At the ‘commanding heights’ of the economy, there is sometimes state or regional government ownership of key companies or collective wage bargaining in industrial sectors. Key institutions like the Social and Economic Council in the Netherlands can be instrumental in setting and guiding aspects of social policy, including workplace pensions.
At micro level, social partnership embraces worker representatives on boards, works councils and social-partner-driven pension funds.
For the concept to work, social partnership needs effective representation of both workers and employers, with trade unions and traditional employer associations acting as the ‘voice’ of their constituencies.
But the broad decline in union membership across the continent and the membership crisis in the UK’s Confederation of British Industry threaten to undermine the status of those bodies and their licence to ‘speak’ for the constituency they represent (or in many cases don’t represent at all).
In today’s workplace, career breaks, frequent employer changes and self-employment are common. Traditional models of employment – a male working for decades at the same company – have long broken down, to the extent that it no longer makes sense even to talk of traditional working patterns.
Recently, changing labour markets have boosted employment levels and wage-bargaining power, but this does not necessarily imply a resurgence in social partnership or that collective decision-making will increase in relevance.
At the recent conference of the Brussels-based European Association of Paritarian Institutions (AEIP), delegates discussed the future role of the social partners in pensions. This is far from clear.
Changes in the nature of employment, combined with pension reforms, the rise of defined contribution pensions and the attitude of unions all conspire to challenge the positive role social partners can play in workplace pensions.
In the Netherlands, although the winning party of Geert Wilders wants to scrap the new pension law completely, the New Social Contract party has openly questioned one of the central tenets of the new pension system, the transfer of accrued benefits to a DC system. Some would prefer ‘grandfathering’ of the accrued rights and to start afresh with future accrual in a DC pension.
This would be much simpler but many think it would undermine the social solidarity aspects of the planned new system.
In any case, there is no participation route for the Dutch self-employed in the second-pillar pension model.
Germany’s IG Metall, the trade union representing 2.2m workers in the metal sector, has rejected the government’s ‘social partner’ defined contribution pensions model. The metal sector in Germany already offers a well-regarded social-partner run pension scheme for employees, called MetallRente).
The rejection by a leading German union of such an important part of the government’s pension saving architecture is a blow.

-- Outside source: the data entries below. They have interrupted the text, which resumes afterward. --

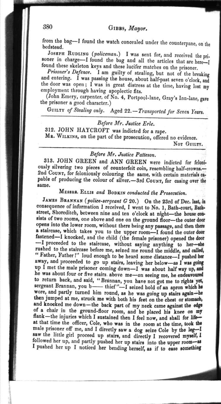 The violence was exaggerated. The newspaper describes Green seizing a bottle of vitriol and dashing it at the officers, as though it were a deliberate acid attack. Brannan’s sworn testimony at trial is more measured: Green reached over his shoulder, picked up a bottle, and smashed it on the table. The contents splashed onto those nearby. Green’s own defence — that Brannan pulled him down and that he never kicked the officer — does not appear in the newspaper at all.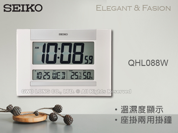 QHL088W SEIKO 精工 溫溼度顯示 日期 日曆 座掛兩用 掛鐘 座鐘 電子鐘 QHL088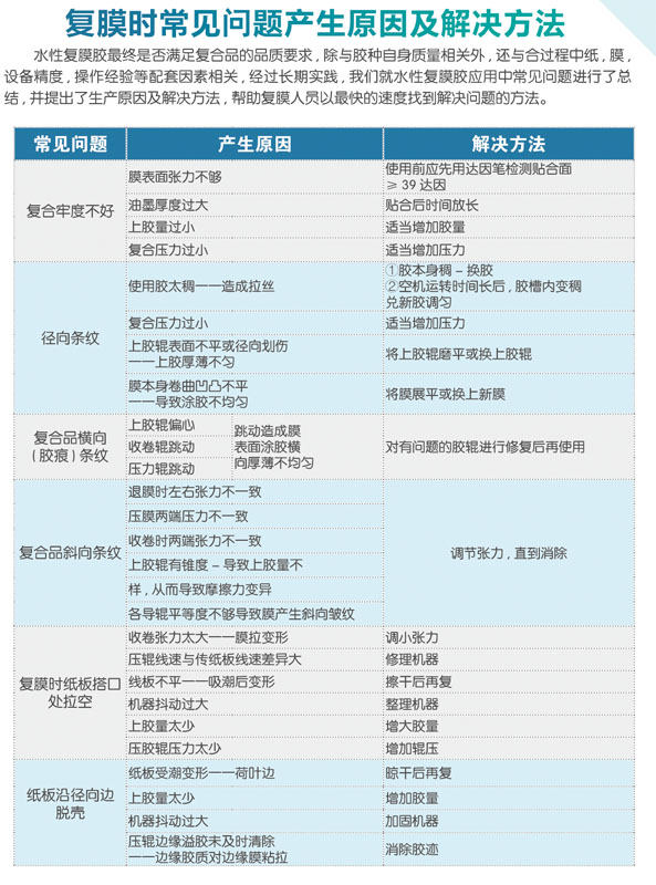 ???本品是乙烯--醋酸乙烯乳液與丙烯酸類乳液性能兼容的合成膠粘劑。涂布后結膜速度合理,復合品干燥時間短,挺度及牢度好,反光率高,忠于原色,無色相飄逸;覆膜膠蓋粉能力合適,干結物易于清洗,復合品耐軋線、砸凹凸和錕花,對燙金、印金、印銀均有較好適應性;適應溫度范圍廣,凍融穩定,結冰解凍后可繼續使用;性價比高,工藝簡單,操作方便。

Numerous examples demonstrate that social partners can play a key role in creating and shaping good pension institutions – well run and embedding the interests of members in a not-for-profit framework. But across Europe, there has been a remarkable failure of imagination in many countries in expanding the role of social partners in pensions.
If social partners cannot or will not help boost second-pillar pensions, the state has traditionally acted as a guarantor of retirement income through the state system and the private sector has provided third-pillar products. Or employers offer their own pensions and savings schemes.
State pension benefits are likely to diminish as a combination of budgetary and demographic pressures constrain first-pillar pension systems. And private pension and savings are often expensive and hard to tailor to specific employment groups and cohorts.
In some cases, such as with the self-employed, workers may have to find new ways to ‘represent’ themselves. But that is exactly what groups of self-interested workers did in the nineteenth century when they set up not only trade unions but a social infrastructure of mutual lenders and Co-operative societies.
And if traditional social partners do not carve a niche for themselves in key areas of workplace welfare, they may well find themselves carved out completely.